Kompas TV nasional politik

Wacana Penundaan Pemilu Datang dari Elite Politik, Pakar Hukum Tata Negara: Pengkhianatan Konstitusi

Kompas.tv - 6 Maret 2022, 22:06 WIB
wacana-penundaan-pemilu-datang-dari-elite-politik-pakar-hukum-tata-negara-pengkhianatan-konstitusi
Ilustrasi pemilu. Pakar hukum tata negara Bivitri Susanti berpendapat wacana penundaan pemilu yang digulirkan kalangan elite politik merupakan bentuk pengkhianatan terhadap konstitusi.(Sumber: KOMPAS/MAHDI MUHAMMAD )
Penulis : Danang Suryo | Editor : Edy A. Putra

JAKARTA, KOMPAS.TV - Pakar hukum tata negara Bivitri Susanti berpendapat wacana penundaan Pemilu 2024 yang digulirkan elite politik merupakan bentuk pengkhianatan terhadap konstitusi.

"Ini adalah pengkhianatan konstitusi. Kita sadari bahwa konstitusi itu bukan sekadar teks, dan politik bukan sekedar matematik," tutur Bivitri, Minggu (6/3/2022).

Jika ingin sekadar mengubah konstitusi dan melanggengkan wacana penundaan Pemilu 2024, menurutnya, cukup mudah.

"Kalau caranya harus dengan merubah konstitusi ya gampang. Pasal 37 UUD 1945 hanya mengatur sepertiga saja dari jumlah anggota MPR. Itu sudah bisa agendakan perubahan konstitusi," lanjutnya.

"Kuorumnya dua pertiga dari anggota MPR dan penyetujuan amandemen 50 persen plus 1. Itu lebih mudah daripada proses legislasi," tambahnya.

Bivitri menekankan, orang-orang yang mewacanakan penundaan Pemilu seharusnya malu karena telah mengkhianati gagasan konstitusionalisme.

Baca Juga: Perludem: Wacana Penundaan Pemilu Adalah Masalah Fundamental dan Melanggar Konstitusi

"Konstitusi adalah gagasan pembatasan kekuasan. Orang-orang yang ngomong itu seharusnya malu karena mereka sebenarnya sudah mengkhianati gagasan konstitusionalisme. Dampaknya apa? Ada 3 hal," jelas Bivitri.

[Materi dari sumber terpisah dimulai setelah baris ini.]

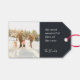 En snyggt modern märkre för fotopresenter i helgdag med ett modernt, minimalt typografiskt citat "årets mest underbara tid" parade med ett handskrivet typsnitt för din familj namn i vitt med en blåaktig svart fläkt färg i en skandinavisk design i stil. Hälsning och namn kan lätt anpassas för personligt bruk. Ett trendig, minimalistiskt och contemporary för att visa ut den här julhelgen! Bilden som visas är endast avsedd som illustration för att ersättas med ett eget foto. Platshållarbilden består av en ung familj med fyra leker i snö med träsled och gräs träd.

Tiga dampak yang dikemukakan Bivtri adalah pembangkangan konstitusi karena gagasan pembatasan kekuasaannya dilanggar.

"Kita tidak mau konstitusi semau-maunya diubah oleh elite politik," tegasnya.

Bivitri melanjutkan, pemilu merupakan hal yang rutin bagi negara demokrasi. Sebab jika tak rutin, akan berdampak pada demokarsi yang memburuk.

"Suatu negara itu dikatakan demokrasi adalah pemilu yang (digelar) rutin, reguler. Kalau sudah tidak rutin, maka kita akan terjerembab jatuh, demokrasinya makin buruk. Sekarang ini kita sudah masuk demokrasi yang cacat dan banyak keburukan," ungkapnya.

Baca Juga: Jokowi Dinilai Lambat Respons Wacana Penundaan Pemilu, Ini Kata Pengamat Politik

Terakhir, demokrasi berarti adanya regenerasi kepemimpinan. Jika tak ada regenerasi, demokrasi akan stagnan dan tak sehat.

"Demokrasi itu membutuhkan regenerasi kepemimpinan. Jadi janganlah kita jadi terkunci soal ini pendukung Pak Jokowi atau bukan," tuturnya.

"Kita bicara soal jaringan politik. Kalau ini tak di-refresh. Maka seluruh aturan politik hukum, politik ekonomi tidak ada perubahan," jelasnya.